Living alone as I do it’s quite easy to say anything and not do, because I’m not accountable to anyone. I’ll just be blunt here… I wasn’t too happy with my attempts to balance between my exploration of what my faith means to me and what has been my usual means of “forgetting it all”: ye ol’ meaningless romp through p0rno land. P0rno land was “winning,” or at least occupying enough time to basically get in the way. So, I know that’s kind of the trap of doing things in isolation. So it made sense to step things up a bit and “go public” and go back to church. I guess it’s silly in that I’m trying to be somewhat methodical with something that isn’t at all methodical or orderly. But, because this is so important to me, I have to do this in a way that makes sense to me.
So I spent the evening with my brother and his wife and worked a bit on my brother’s PC. His wife told me that she heard of a great church in my area but couldn’t remember the name.
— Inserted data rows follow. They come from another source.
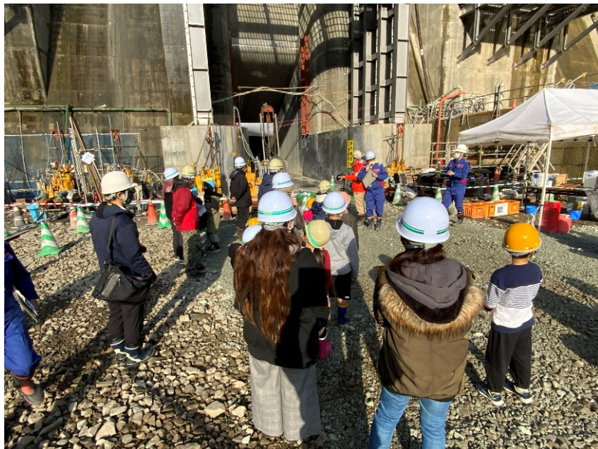
R5.1 立野地区子供会 放流孔お絵かきイベント 【22名】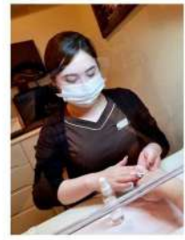
マスクとフェイスシールドを着用します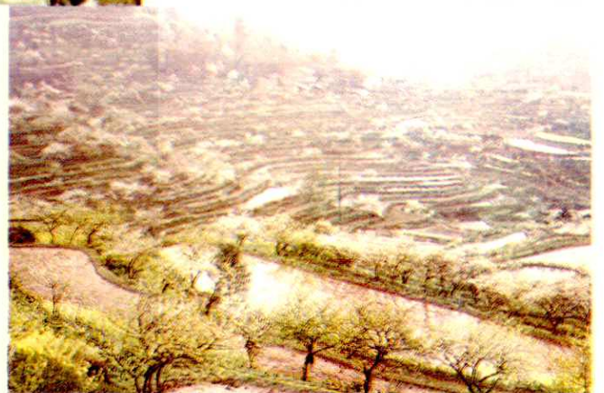
塘坝乡新房村李子基地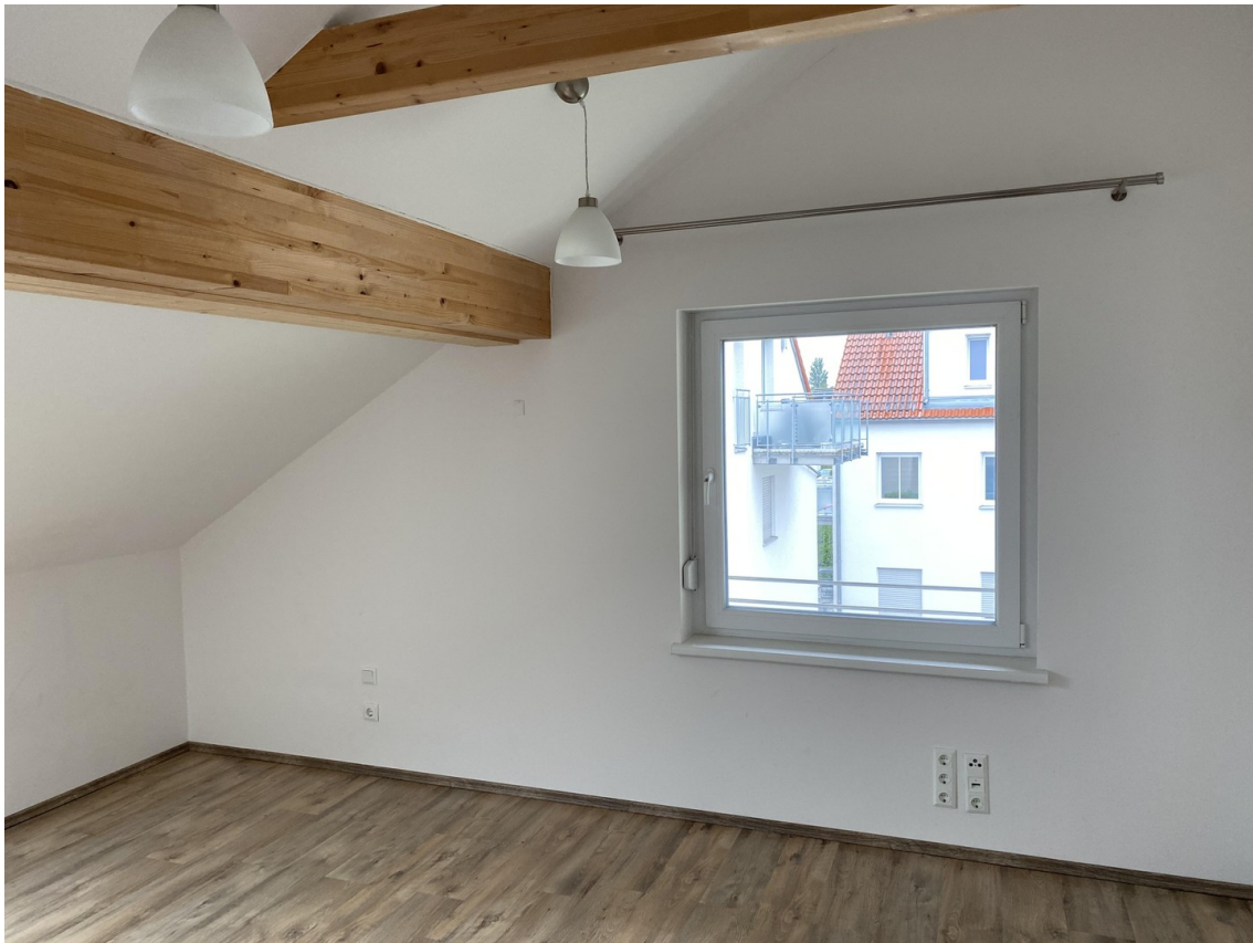
Schlafzimmer Nr 1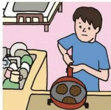
障がいや病気のある家族に代わり、買い物・料理・掃除・洗濯などの家事をしている

家族にケアを要する人がいる場合に、大人が担うようなケア責任を引き受け、家事や家族の世話、介護、感情面のサポートなどを行っている18歳未満の子どもをいいます。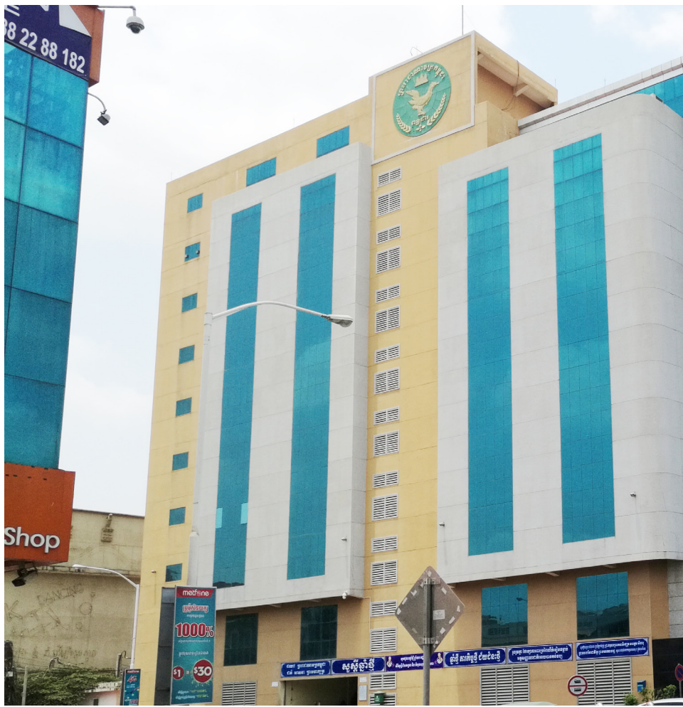
អគារអគ្គនាយកដ្ឋានពន្ធដារស្ថិតនៅក្នុងខណ្ឌទួលគោក។

She cautioned that it was a bit liberal (in that her referring friend was in a same-sex relationship and was quite accepted at that church). Hmmm, this should be interesting. She said that she’d email the info later. I’m glad that I shared these things with them. I do wish that I felt comfortable enough with them that I could tell them about my love and how much I love her. Soon (I hope).
They were also very supportive about the diet and said that they could see a difference. That made me feel great. My brother said that he has a friend who’s an Atkins disciple and will ask where she gets her power bars, etc. I love my brother and his family. I wasn’t able to eliminate the problem that he was having with his PC so the plan is that he’s going to get a new hard disk in the near future and we’ll redo the OS on that one some weekend.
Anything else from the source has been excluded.